**ACTION ITEM:** Repeat only the lines below that run from the line with "Наличие любимчиков в" to the line with "李硕秋(右)和同事在街头巡逻", ends included; skip every picture.

**DATA FOR ANALYSIS:**
********

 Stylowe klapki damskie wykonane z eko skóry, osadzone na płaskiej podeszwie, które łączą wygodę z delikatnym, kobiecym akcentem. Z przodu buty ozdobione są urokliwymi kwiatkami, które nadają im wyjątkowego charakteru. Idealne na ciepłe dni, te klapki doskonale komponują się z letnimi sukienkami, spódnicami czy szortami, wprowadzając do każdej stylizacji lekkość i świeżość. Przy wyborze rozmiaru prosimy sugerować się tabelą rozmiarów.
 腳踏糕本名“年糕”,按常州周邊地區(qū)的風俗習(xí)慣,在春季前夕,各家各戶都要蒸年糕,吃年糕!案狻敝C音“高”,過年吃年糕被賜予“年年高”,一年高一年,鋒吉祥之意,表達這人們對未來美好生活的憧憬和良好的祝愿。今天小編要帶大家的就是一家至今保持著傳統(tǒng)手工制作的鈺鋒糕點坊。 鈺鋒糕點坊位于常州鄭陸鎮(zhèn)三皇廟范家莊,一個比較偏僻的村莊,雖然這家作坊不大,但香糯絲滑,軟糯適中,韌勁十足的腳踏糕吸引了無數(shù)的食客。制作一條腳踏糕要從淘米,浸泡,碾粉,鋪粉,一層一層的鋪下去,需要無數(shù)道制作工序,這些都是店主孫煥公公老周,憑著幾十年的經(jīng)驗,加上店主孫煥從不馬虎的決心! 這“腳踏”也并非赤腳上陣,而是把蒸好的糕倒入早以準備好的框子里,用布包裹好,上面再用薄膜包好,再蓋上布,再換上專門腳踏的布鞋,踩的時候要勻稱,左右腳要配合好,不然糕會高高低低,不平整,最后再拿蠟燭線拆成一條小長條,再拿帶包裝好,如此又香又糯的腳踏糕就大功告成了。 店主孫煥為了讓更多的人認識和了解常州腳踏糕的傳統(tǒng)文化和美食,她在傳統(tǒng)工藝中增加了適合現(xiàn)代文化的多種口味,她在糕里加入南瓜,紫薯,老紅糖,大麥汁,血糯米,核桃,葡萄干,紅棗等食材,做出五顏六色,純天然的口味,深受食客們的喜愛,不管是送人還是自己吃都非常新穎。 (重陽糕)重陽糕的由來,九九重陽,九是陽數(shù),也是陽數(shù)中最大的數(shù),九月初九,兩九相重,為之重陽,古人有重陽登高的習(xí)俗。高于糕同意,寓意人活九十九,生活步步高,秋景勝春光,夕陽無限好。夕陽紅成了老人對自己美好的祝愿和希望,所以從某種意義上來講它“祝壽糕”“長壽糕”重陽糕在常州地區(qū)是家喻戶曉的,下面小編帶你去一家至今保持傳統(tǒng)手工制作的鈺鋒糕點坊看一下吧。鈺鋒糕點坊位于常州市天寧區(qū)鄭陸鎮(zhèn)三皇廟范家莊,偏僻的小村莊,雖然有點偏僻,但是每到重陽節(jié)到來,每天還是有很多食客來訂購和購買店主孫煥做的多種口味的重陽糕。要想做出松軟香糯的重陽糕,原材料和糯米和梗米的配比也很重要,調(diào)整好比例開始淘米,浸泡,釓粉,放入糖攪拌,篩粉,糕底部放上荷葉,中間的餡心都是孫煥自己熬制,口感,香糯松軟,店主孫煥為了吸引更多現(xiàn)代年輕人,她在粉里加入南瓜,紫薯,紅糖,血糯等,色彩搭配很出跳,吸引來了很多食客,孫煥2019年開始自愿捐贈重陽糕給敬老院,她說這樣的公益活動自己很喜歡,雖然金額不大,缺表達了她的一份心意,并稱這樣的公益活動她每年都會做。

********

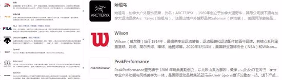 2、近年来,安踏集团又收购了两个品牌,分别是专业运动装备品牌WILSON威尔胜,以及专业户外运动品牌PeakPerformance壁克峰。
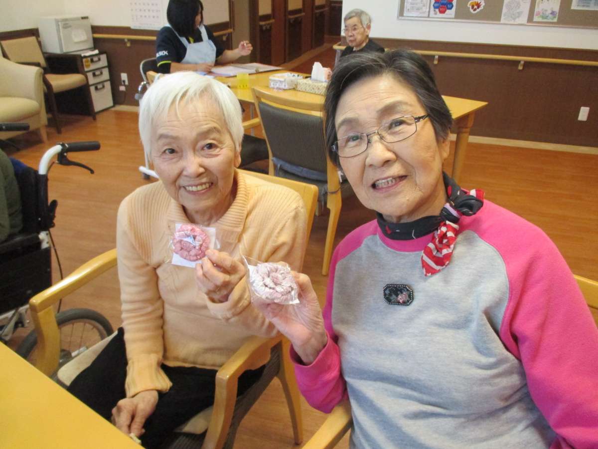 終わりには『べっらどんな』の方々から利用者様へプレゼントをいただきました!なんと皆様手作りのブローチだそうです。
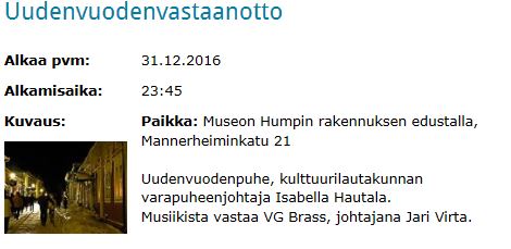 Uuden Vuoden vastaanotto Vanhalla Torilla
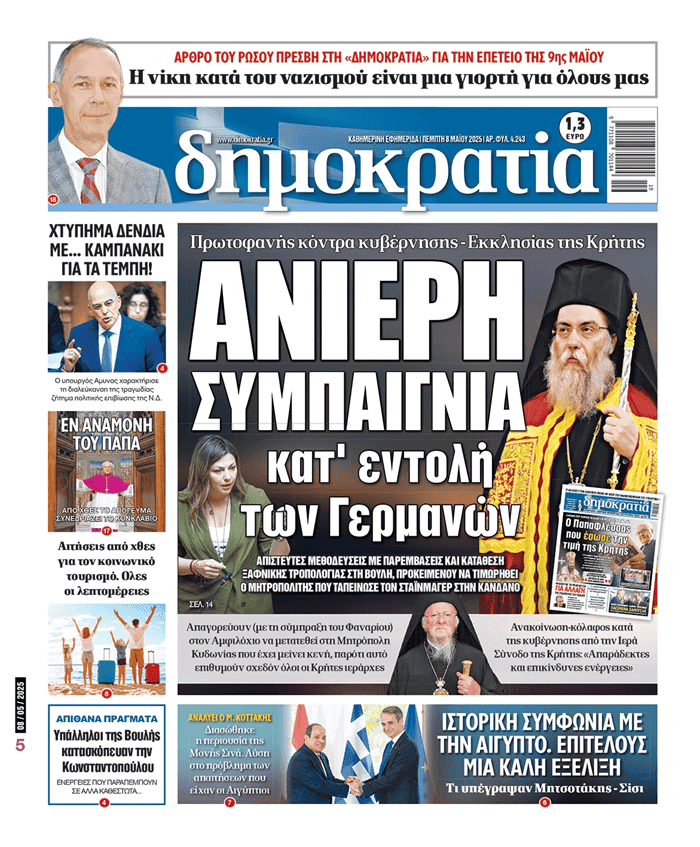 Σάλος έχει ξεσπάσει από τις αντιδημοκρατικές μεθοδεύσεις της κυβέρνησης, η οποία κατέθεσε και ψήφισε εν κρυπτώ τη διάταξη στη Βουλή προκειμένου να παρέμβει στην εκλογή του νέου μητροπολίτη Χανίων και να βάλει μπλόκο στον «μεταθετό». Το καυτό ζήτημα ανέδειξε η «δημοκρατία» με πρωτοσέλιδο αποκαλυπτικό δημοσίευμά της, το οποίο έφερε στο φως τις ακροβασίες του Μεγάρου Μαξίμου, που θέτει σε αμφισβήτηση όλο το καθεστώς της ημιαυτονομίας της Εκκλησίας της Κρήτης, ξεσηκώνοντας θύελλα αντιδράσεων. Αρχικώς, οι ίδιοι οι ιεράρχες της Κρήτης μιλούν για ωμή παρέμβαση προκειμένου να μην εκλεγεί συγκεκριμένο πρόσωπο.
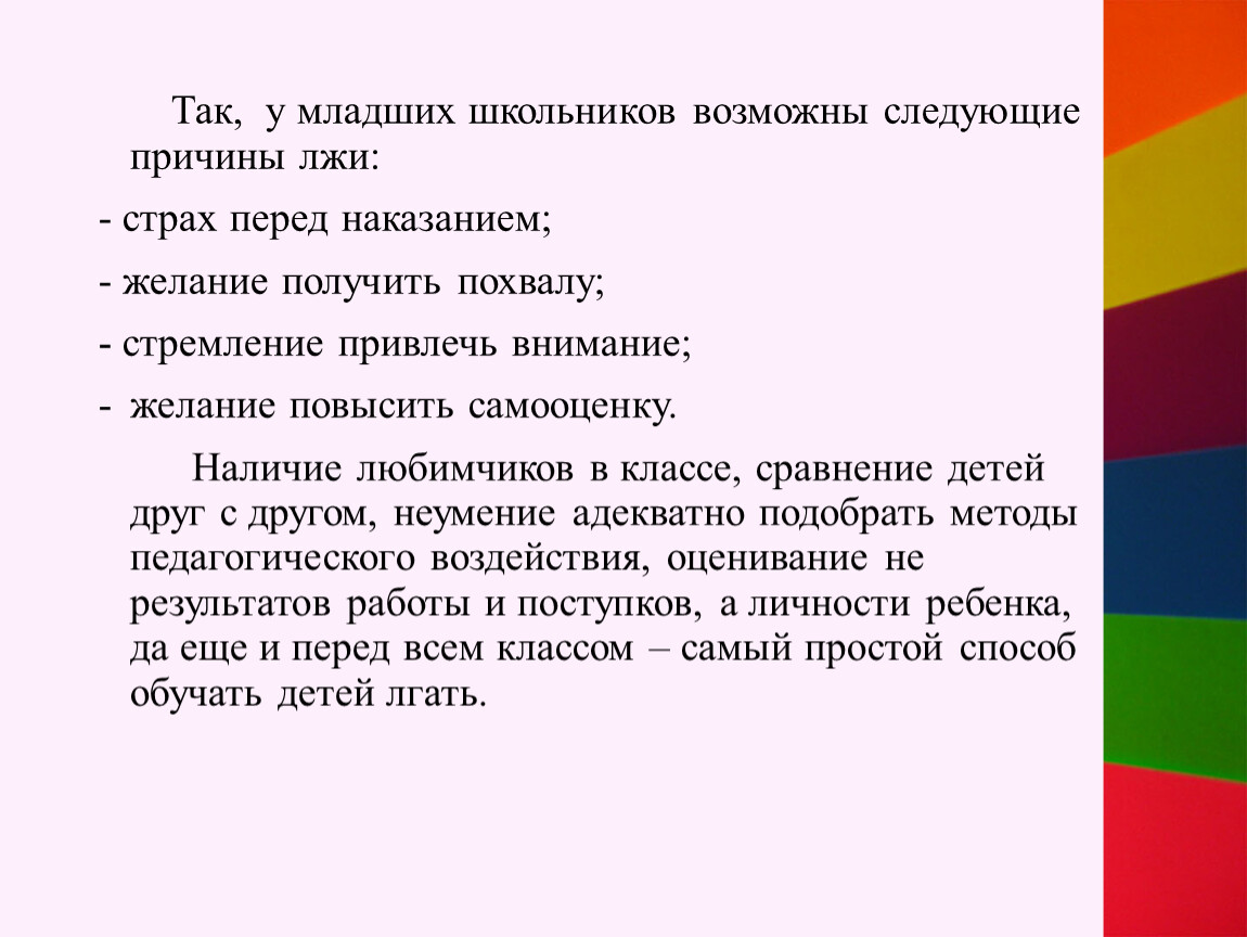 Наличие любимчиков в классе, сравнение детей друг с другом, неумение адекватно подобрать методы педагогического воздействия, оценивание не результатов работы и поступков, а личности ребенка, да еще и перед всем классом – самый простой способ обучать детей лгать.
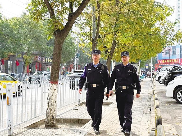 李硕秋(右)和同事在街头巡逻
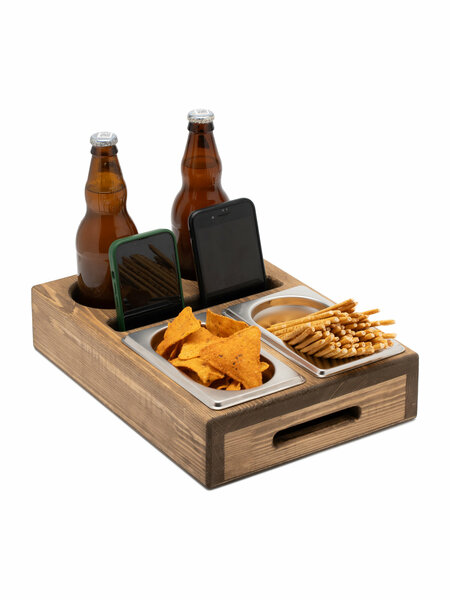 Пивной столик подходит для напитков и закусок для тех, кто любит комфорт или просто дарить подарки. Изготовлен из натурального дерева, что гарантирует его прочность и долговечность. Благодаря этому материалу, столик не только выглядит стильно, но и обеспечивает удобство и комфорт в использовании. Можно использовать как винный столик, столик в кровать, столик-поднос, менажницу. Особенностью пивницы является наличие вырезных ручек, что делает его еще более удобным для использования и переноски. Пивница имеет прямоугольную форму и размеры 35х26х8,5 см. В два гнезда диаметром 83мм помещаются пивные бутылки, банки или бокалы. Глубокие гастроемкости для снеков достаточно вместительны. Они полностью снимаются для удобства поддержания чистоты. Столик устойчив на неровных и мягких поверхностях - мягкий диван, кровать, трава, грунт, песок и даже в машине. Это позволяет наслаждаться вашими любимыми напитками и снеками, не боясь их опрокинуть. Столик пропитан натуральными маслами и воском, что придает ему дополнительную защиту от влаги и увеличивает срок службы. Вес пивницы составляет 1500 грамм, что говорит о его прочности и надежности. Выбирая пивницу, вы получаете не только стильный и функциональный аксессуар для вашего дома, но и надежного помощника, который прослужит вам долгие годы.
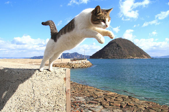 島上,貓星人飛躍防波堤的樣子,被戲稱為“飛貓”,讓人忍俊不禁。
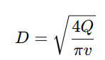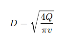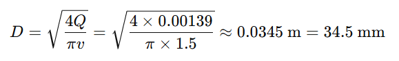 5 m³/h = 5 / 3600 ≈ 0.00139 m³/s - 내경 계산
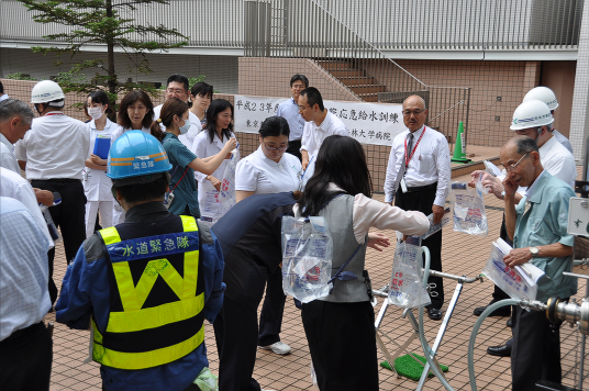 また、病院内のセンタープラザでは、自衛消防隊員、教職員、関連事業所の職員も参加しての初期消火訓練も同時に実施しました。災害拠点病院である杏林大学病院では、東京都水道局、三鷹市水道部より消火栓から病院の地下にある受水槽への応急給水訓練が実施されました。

********

**SOLVED PROBLEM:**
 Наличие любимчиков в классе, сравнение детей друг с другом, неумение адекватно подобрать методы педагогического воздействия, оценивание не результатов работы и поступков, а личности ребенка, да еще и перед всем классом – самый простой способ обучать детей лгать.
 李硕秋(右)和同事在街头巡逻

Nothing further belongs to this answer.